BUSD Reportedly Wasn’t Always Properly Balanced
This Tuesday, Bloomberg reported that Binance confirmed to the outlet that its Paxos Trust-issued BUSD tokens weren’t always backed with adequate collateral. Citing data compiled by Jonathan Reither, the BUSD was often undercollateralized and the discrepancies at a point went up to $1 billion.
Later on the same day, Binance published its own statement on the report. According to the world’s largest cryptocurrency exchange, the Paxos-issued BUSD wasn’t always adequately collateralized, but only due to less frequent balance updates conducted in the past. Similarly, Binance pins mismatch in backing Binance-Peg BUSD with BUSD to timing issued caused by “operational reasons”.
“For operational reasons, on occasion in the past, there was a timing mismatch in backing Binance-Peg BUSD with BUSD, which is what has been identified in recent articles. From the data it is clear that the rebalancing did not always keep pace with the demand for Binance-Peg BUSD. Having identified this ourselves last year we now rebalance more frequently to ensure that Binance-Peg BUSD is transparently fully backed. This will be included in the Proof of Reserves system that we continue to develop.”
Furthermore, Binance explains that the exchange itself identified the problem and implemented measures to resolve the issue—primarily by updating collateralization more frequently. For its part, the Blommber report identifies 2020 and 2021 as the mentioned “occasions in the past” when BUSD wasn’t properly backed.
FUD Surrounding Stablecoins
Generally, stablecoins are intended to be digital assets that maintain a stable value—with one token usually being worth one dollar.
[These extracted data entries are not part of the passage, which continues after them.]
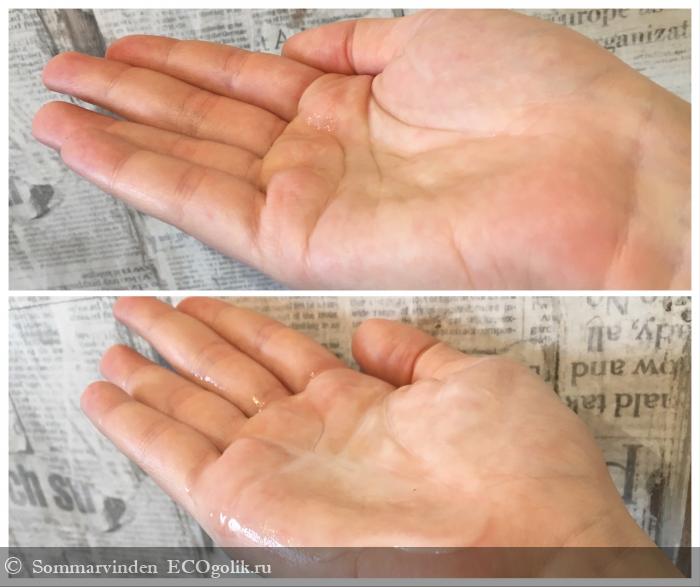 Масло абсолютно жидкое, что может быть непривычным. Лично мне даже удобнее распределять его по лицу, чем более тягучие масла типа розового от МОМ.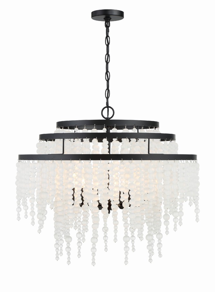 In a perfect combination of texture and materials, the Poppy chandelier's cascading in frosted glass or wooden beads create a rich visual impact on an interior. Whether the look is rustic, boho, or has a coastal vibe, this light is as versatile as stylish.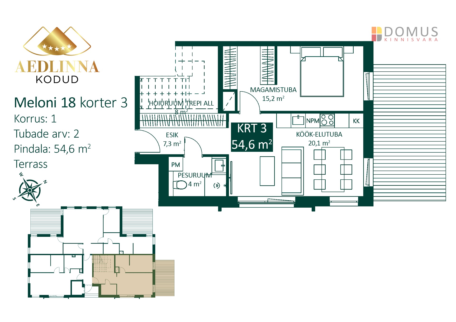 The total area of the apartment is 54.6 m², designed with practicality and comfort in mind. The bright and open kitchen-living room (20.1 m²) forms the heart of the home, complemented by a generously sized bedroom (15.2 m²). The entrance hall (7.3 m²) is spacious and features a practical 8 m² storage area under the stairs, providing valuable extra room. A 4 m² bathroom with toilet and shower completes the functional layout.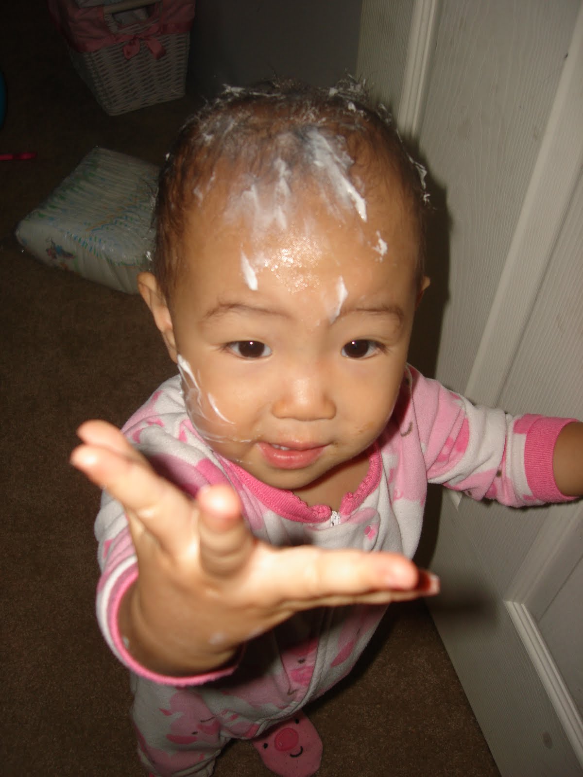 This is what happens when I leave them alone for 10 seconds. Adi put body cream all over Ana’s head.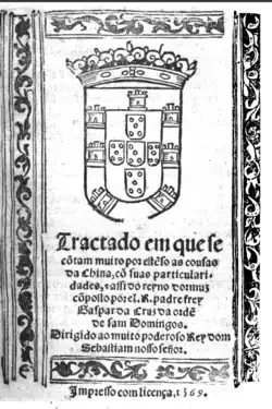 In Donald F. Lach's assessment, Cruz' book itself did not become widely distributed in Europe either because it was published in Portuguese (rather than some more widely spoken language), or because it appeared in the year of the plague.[5] Nonetheless, Cruz' book, at least indirectly, played a key role in forming the European view of China in the sixteenth century, alongside the earlier and shorter account by Galeote Pereira (1565).[7] Cruz' Treatise (along with João de Barros' earlier coverage of China in his Decadas) was the main source of information for Bernardino de Escalante's Discourso ... de las grandezas del Reino de la China (1577), and one of the main sources for the much more famous and widely translated History of the great and mighty kingdom of China compiled by Juan González de Mendoza in 1585.[5]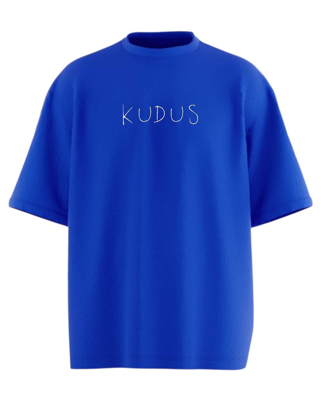 Introducing the Kudus ROYAL BLUE T-Shirt, an oversized tee crafted from premium HEAVY WEIGHT COTTON. This t-shirt features a ribbed crewneck collar and a unique finish.
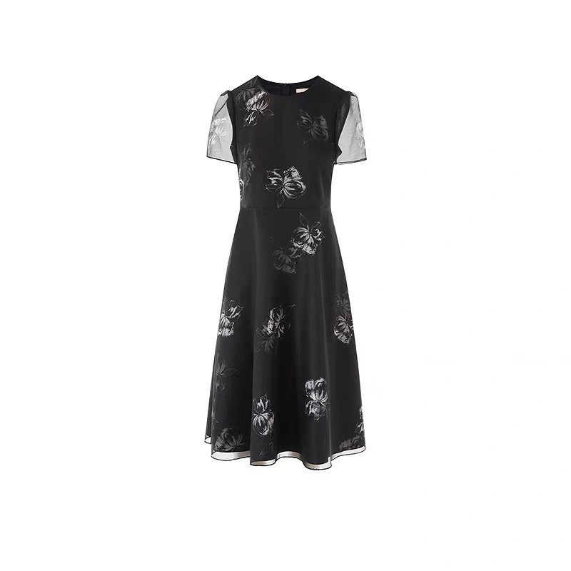 - 刺绣欧根纱连衣裙女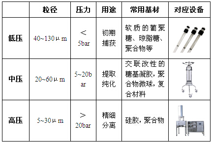 ? ??柱壓在5-20bar(或75-300psi)之間,廣泛用于實(shí)驗(yàn)室和工業(yè)規(guī)模的生物制品(如動物臟器提取液、濃縮液、體液、植物提取液、生物技術(shù)發(fā)酵液等—往往需要經(jīng)過濾膜作初級凈化)的處理,以提取或純化所需的產(chǎn)品。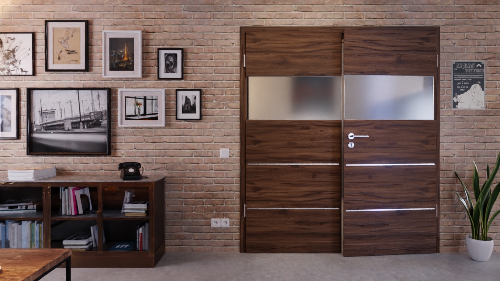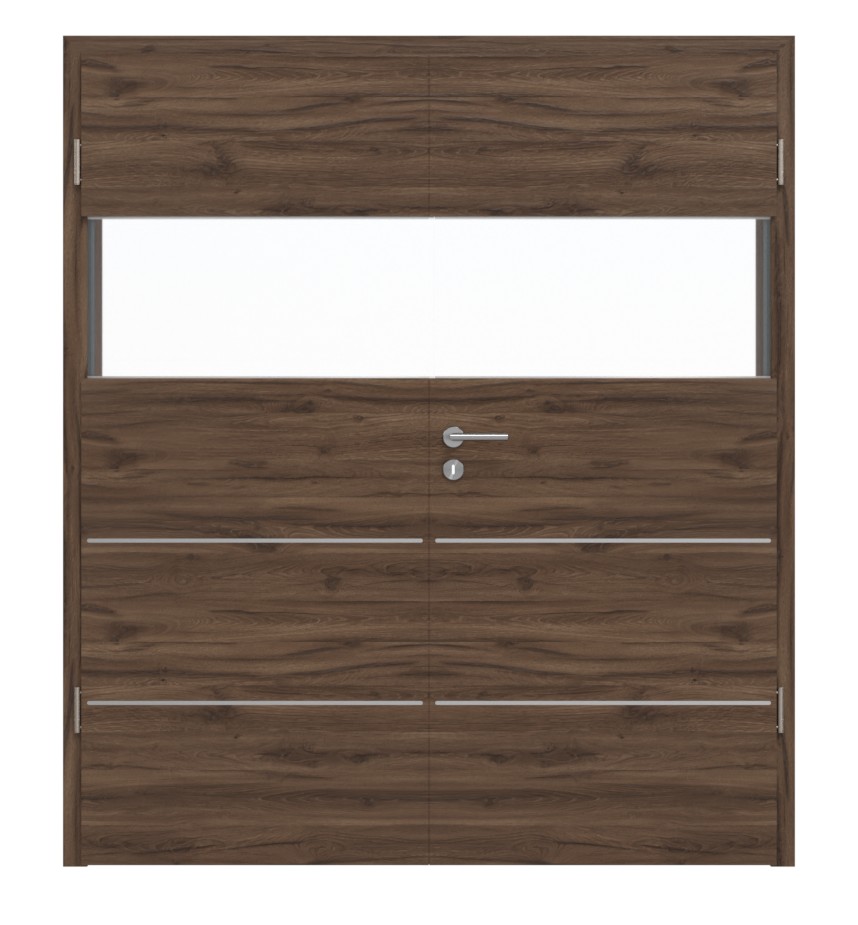 Ciemny kolor drewna w układzie poziomym emanuje spokojem i tworzy przytulną atmosferę. Na wysokości oczu znajduje się duża szyba, przez którą do Twojego wnętrza wpada dużo światła. Na dolnej części każdego skrzydła drzwi znajdują się dwa stalowe aplikacje, które nadają modelowi elegancki wygląd.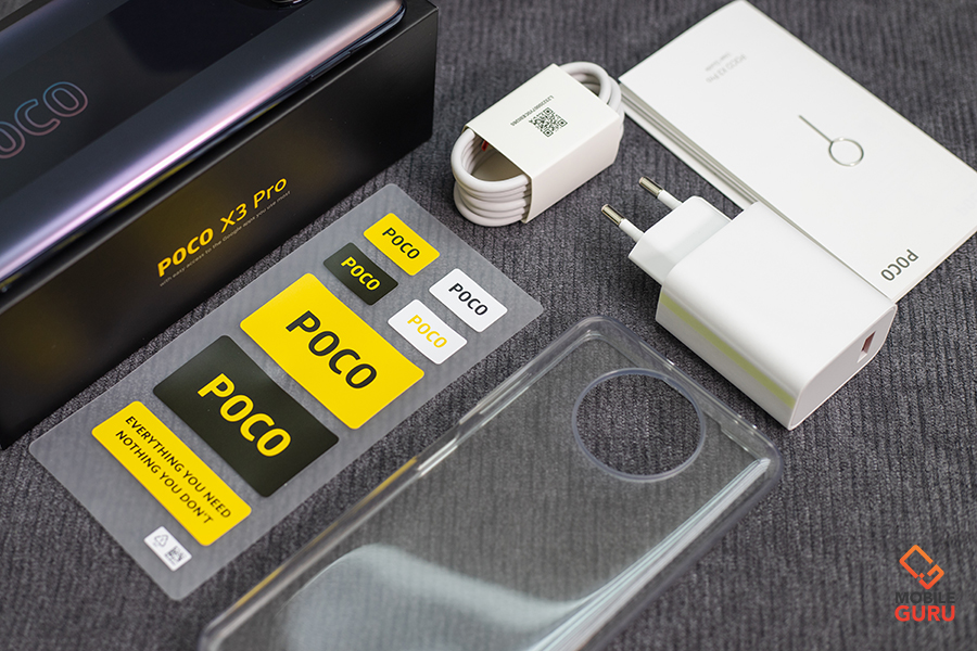 POCO X3 Pro มาในกล่องสีดำตัดด้วยตัวหนังสือสีเหลืองที่เป็นเอกลักษณ์ของทางโพโค โดยอุปกรณ์ภายในกล่องจะประกอบไปด้วย

This peg is usually achieved either by backing the currency with traditional assets or using algorithms. Public confidence in stablecoins was greatly shaken in May 2022 when UST lost its peg causing the $60 billion LUNA collapse.
The crash of Terraform Labs’ currency caused increased regulatory and public wariness of stablecoins and led to a major investigation of the firm’s executives. The company’s CEO, Do Kwon, reportedly hiding in Serbia after Interpol issued a red notice for him at the request of the South Korean Government.
Perhaps the most noticeable effect of the LUNA collapse—on the regulatory side, at least—came in September 2022 when a House bill that would ban the issuing of algorithmic stablecoins in the US for a period of two years got proposed. Later in the year, however, some signs of regulatory thawing toward stablecoins became noticeable.
In late December, it was reported that Japan would lift the ban on the domestic distribution of foreign-issued stablecoins in 2023. Furthermore, Zhu Shu of Three Arrows Capital tweeted about his voluntary dismissal of a class action lawsuit pertaining to the LUNA collapse after it was revealed that Sam Bankman-Fried might have manipulated and destabilized Terraform’s tokens. SBF has been arrested and is facing multiple charges in the US for his management of the FTX Group.